Exact copy, no pictures: every line from the one that contains "还有就是增加了可视化数据展示" through the end of the data below, and nothing else.

+-------+

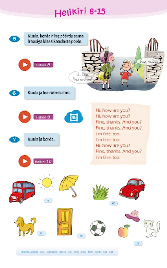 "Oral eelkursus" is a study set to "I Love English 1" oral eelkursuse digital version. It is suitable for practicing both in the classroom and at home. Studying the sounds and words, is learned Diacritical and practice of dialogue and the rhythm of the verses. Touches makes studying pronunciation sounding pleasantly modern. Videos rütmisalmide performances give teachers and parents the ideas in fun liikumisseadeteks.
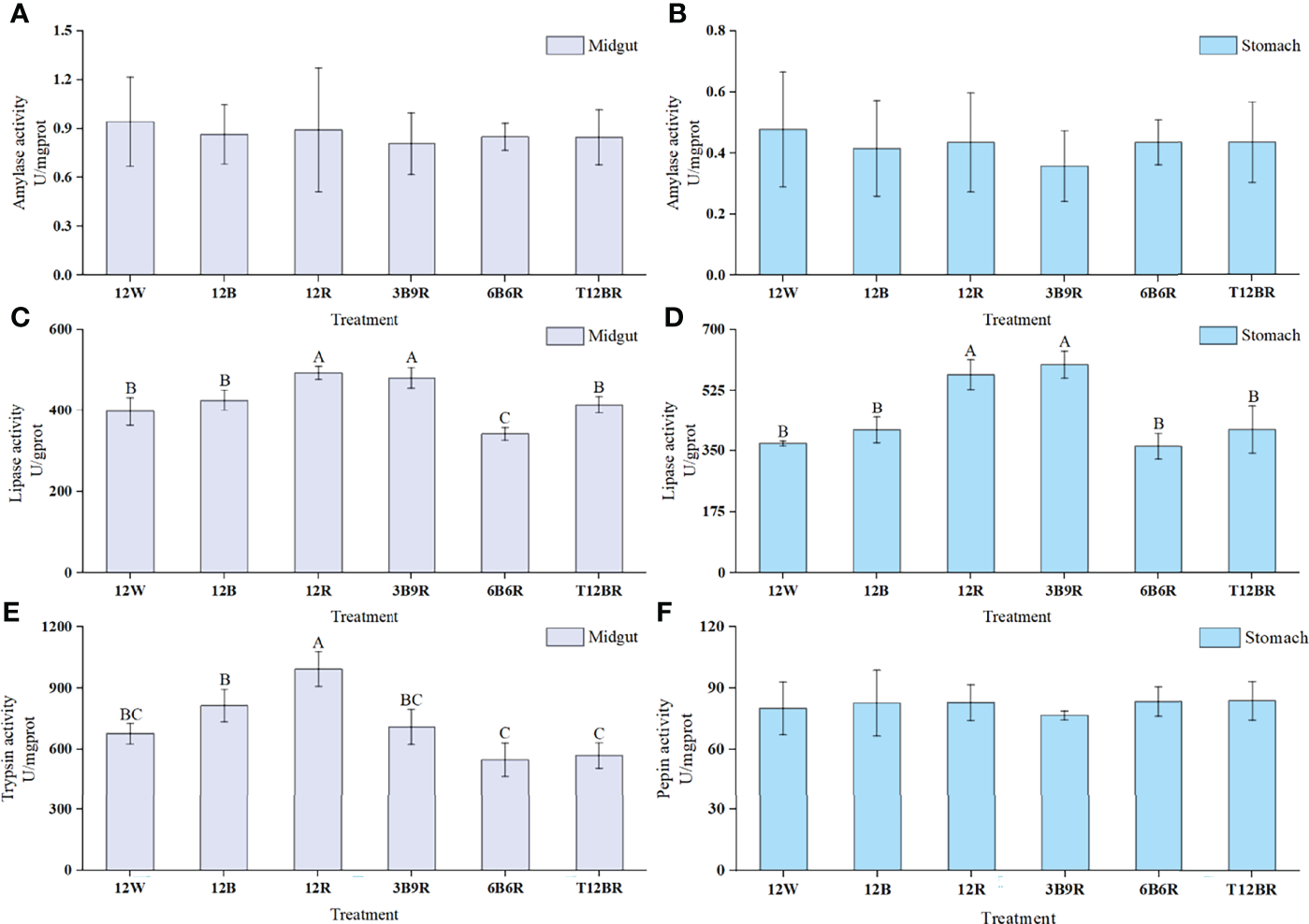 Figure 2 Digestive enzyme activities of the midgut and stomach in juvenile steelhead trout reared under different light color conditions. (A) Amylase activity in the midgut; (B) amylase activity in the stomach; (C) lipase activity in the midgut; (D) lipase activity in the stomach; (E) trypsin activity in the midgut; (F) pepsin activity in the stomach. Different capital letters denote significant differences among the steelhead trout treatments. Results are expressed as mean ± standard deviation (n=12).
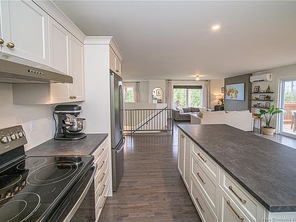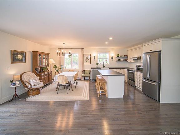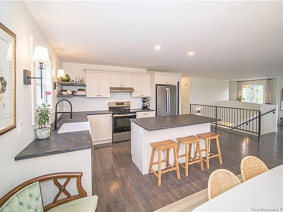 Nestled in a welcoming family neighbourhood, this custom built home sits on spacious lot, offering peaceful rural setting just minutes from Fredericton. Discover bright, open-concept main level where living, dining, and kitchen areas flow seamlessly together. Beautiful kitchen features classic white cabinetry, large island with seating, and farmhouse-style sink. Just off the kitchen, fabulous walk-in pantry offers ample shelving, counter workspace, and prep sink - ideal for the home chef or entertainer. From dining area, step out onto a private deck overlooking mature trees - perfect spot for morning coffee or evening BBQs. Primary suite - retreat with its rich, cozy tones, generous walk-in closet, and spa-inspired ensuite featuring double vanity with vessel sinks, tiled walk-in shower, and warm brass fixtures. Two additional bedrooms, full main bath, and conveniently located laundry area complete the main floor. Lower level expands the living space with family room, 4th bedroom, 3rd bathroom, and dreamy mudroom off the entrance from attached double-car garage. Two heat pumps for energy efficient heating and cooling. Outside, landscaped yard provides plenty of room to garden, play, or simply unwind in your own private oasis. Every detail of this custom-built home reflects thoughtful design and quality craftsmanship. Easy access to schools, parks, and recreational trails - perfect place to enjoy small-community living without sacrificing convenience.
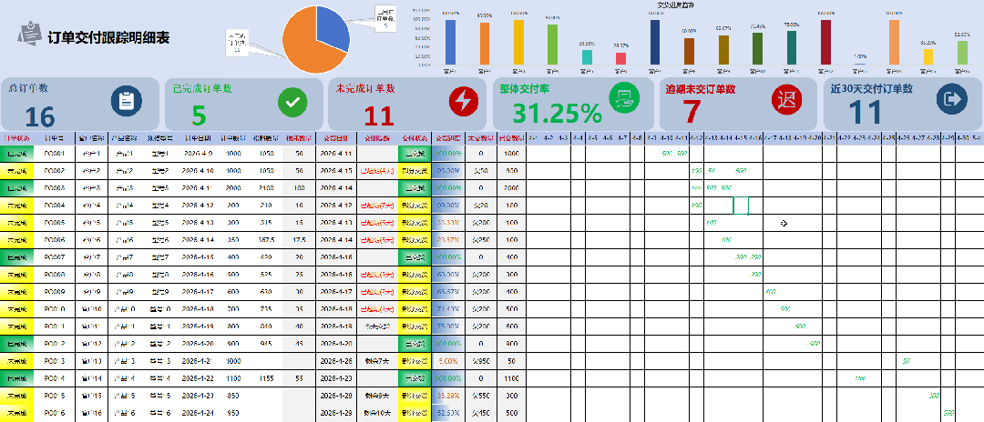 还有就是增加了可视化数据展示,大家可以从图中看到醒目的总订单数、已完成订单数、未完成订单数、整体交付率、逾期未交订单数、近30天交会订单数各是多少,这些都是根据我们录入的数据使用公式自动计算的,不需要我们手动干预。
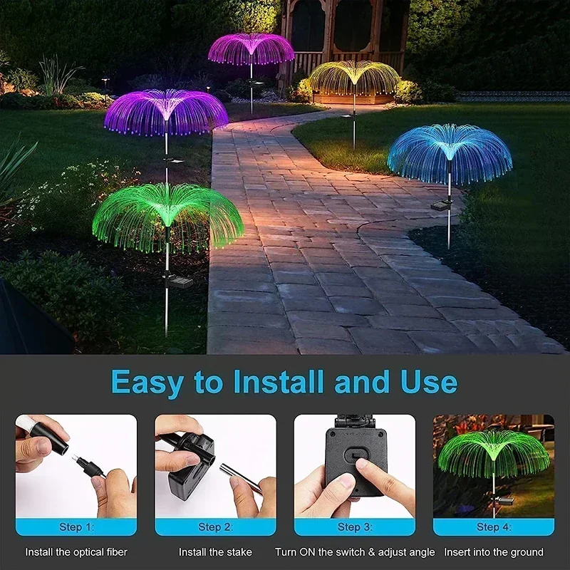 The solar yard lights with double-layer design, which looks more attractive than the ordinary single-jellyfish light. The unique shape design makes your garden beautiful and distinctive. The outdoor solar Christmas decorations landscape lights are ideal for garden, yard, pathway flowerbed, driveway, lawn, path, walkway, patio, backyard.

+-------+

Worked solution:
 还有就是增加了可视化数据展示,大家可以从图中看到醒目的总订单数、已完成订单数、未完成订单数、整体交付率、逾期未交订单数、近30天交会订单数各是多少,这些都是根据我们录入的数据使用公式自动计算的,不需要我们手动干预。
 The solar yard lights with double-layer design, which looks more attractive than the ordinary single-jellyfish light. The unique shape design makes your garden beautiful and distinctive. The outdoor solar Christmas decorations landscape lights are ideal for garden, yard, pathway flowerbed, driveway, lawn, path, walkway, patio, backyard.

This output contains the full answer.